24 || Tertangkap Tangan

❃❃❃

ANGIN malam menembus tirai tipisnya. Menghantarkan hawa dingin yang menusuk kulit mereka. Namun, tubuhnya yang terbaring di atas ranjang sama sekali tidak bisa merasakan apa pun. Dia hanya terpejam damai dalam alam mimpi.

Akalle masih tampak gelisah di sebelahnya. Baru sore tadi mereka melempar candaan, tetapi malamnya dayang justru membawa kabar yang tidak mengenakkan. Mereka bilang, Leora sudah ditemukan tidak sadarkan diri di ruang pemandian.

Beberapa kali Akalle menyeka tubuh Leora yang terkulai dengan lembut. Tabib bilang mereka tidak perlu khawatir karena Leora hanya kelelahan dan akan bangun sendiri setelah energinya pulih. Namun, Akalle tidak berpikir demikian karena pertanda itu belum kunjung datang hingga matahari tergelincir dan hari nyaris berganti.
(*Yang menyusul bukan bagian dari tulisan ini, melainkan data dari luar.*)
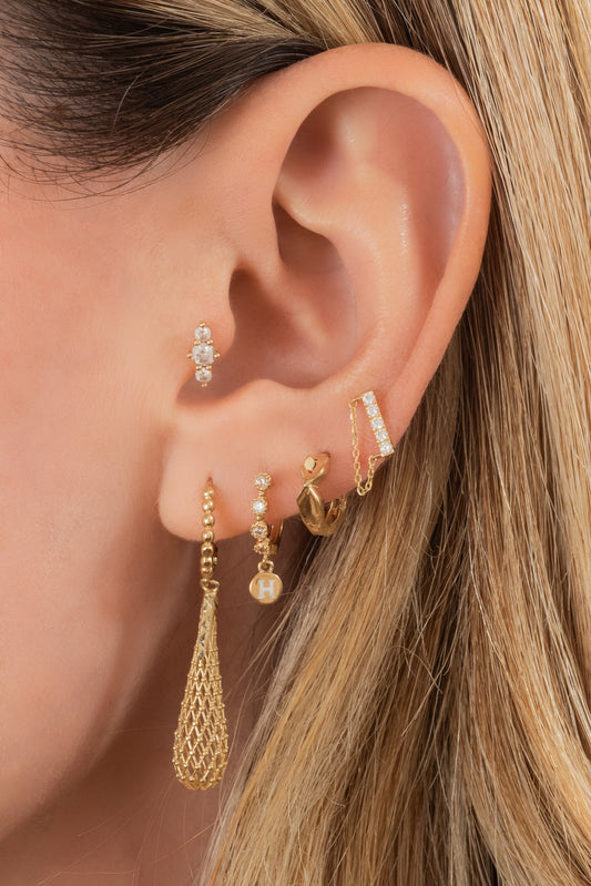 Huggie de oro sólido en 10 kilates con zirconias y detrás hueco en cuadros.Precio habitual $ 2,695.00Precio habitualPrecio unitario por

Jika sampai besok gadis itu masih belum sadarkan diri maka dia akan langsung melaporkan hal ini ke ratu.

Helaan panjang terlepas dari bibir Akalle. "Kau harus beristirahat malam ini dan bangun besok pagi, Leora," ujarnya lirih sembari menaikkan selimut Leora. "Jika kau tidak bangun, aku tidak tahu apa yang akan terjadi selanjutnya."
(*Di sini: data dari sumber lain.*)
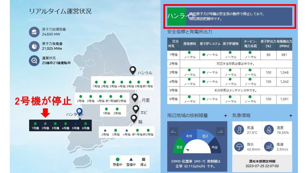 ↑韓国原発のリアルタイムステータス。2023年07月25日22:15現在のスクリーンショット。確かに2号機は運転を停止しています。

Akalle kemudian menyalakan lilin penerangan lalu beranjak menuju ke kamar sebelah. Tidak lama setelah pintunya ditutup, pemuda bersayap yang terbang secepat kilat itu mendarat lagi di kamar Leora. Kali ini dia tidak datang sendirian, melainkan bersama teman tabibnya.
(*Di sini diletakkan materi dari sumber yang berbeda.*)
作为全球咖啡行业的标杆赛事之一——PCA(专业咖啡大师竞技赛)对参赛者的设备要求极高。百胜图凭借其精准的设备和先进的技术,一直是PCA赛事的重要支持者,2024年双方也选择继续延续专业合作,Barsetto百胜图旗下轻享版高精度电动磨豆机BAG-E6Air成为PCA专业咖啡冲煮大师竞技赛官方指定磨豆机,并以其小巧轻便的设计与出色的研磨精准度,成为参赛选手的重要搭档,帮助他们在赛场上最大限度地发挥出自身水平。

"Kenapa kau menyeretku ke sini!" decak Asklepios yang tampak compang-camping setelah dibawa terbang tanpa permisi.

Eros memohon sambil terengah-engah. "Ayolah, Asklepios. Tolong bantu aku menyembuhkannya."

Dewa berjanggut itu memindai orang yang ditunjuk Eros. "Kau tahu kalau Zeus sudah melarangku untuk membangunkan orang mati."

"Dia tidak mati! Hanya pingsan!"

"Kalau begitu, bangunkan saja sendiri."

Eros mengusap wajahnya kasar. "Masalahnya tidak segampang itu."

"Memangnya apa yang sudah kau lakukan?" selisik Asklepios dengan tatapan curiga.

Jari-jari Eros tertekuk dalam. "Aku tidak melakukan apa-apa. Aku hanya memberinya eliksir," cicitnya rendah.

"Eliksir cinta? Untuk apa?"

"Jangan banyak tanya. Cepatlah periksa dia dulu," desaknya dengan menarik lengan Asklepios agar mendekati gadis yang masih tertidur pulas itu.

"Aku ini dokter penyakit, bukannya dokter cinta. Kenapa tidak minta bantuan ibumu saja?"

"Kau kan dokter terbaik di Olympus. Jika ibuku sampai tahu perbuatanku, dia tidak cukup memukulku dengan sandal, tetapi juga akan memecatku sebagai Dewa Cinta."

"Apa ini kekasihmu? Kau berselingkuh diam-diam?" tanya Asklepios yang langsung dibungkam oleh Eros.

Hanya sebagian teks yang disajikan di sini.